/---
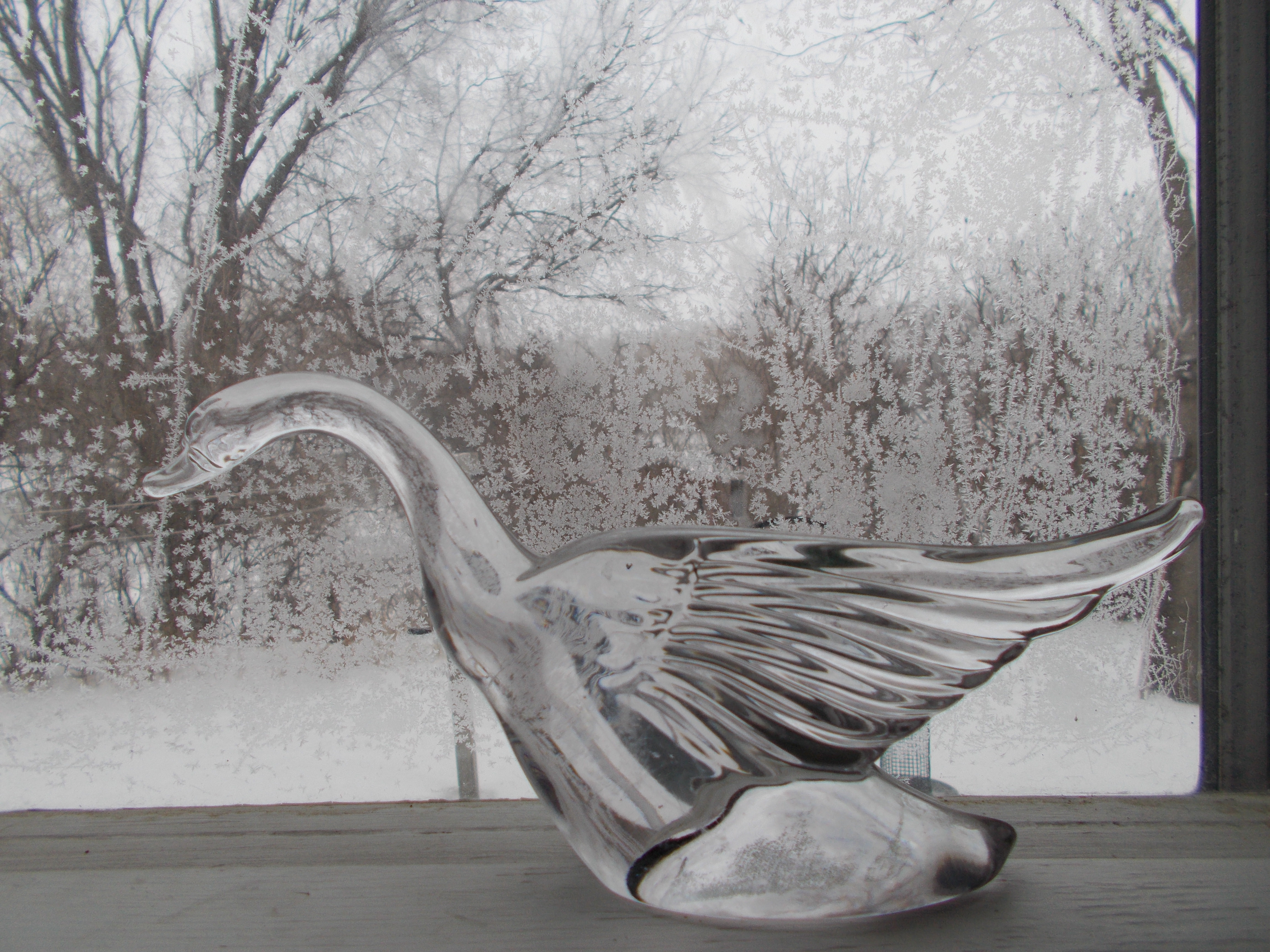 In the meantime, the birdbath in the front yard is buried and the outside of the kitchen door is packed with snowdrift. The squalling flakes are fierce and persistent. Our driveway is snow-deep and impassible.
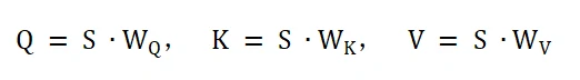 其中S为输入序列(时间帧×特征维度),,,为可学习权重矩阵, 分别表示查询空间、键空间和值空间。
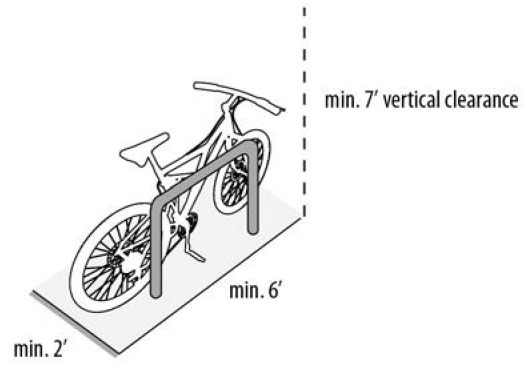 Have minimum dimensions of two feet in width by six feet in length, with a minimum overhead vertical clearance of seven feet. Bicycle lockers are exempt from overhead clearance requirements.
\---
Begin at the first line of the material and copy each line exactly through the one containing "其中S为输入序列(时间帧×特". Omit pictures.

 In the meantime, the birdbath in the front yard is buried and the outside of the kitchen door is packed with snowdrift. The squalling flakes are fierce and persistent. Our driveway is snow-deep and impassible.
 其中S为输入序列(时间帧×特征维度),,,为可学习权重矩阵, 分别表示查询空间、键空间和值空间。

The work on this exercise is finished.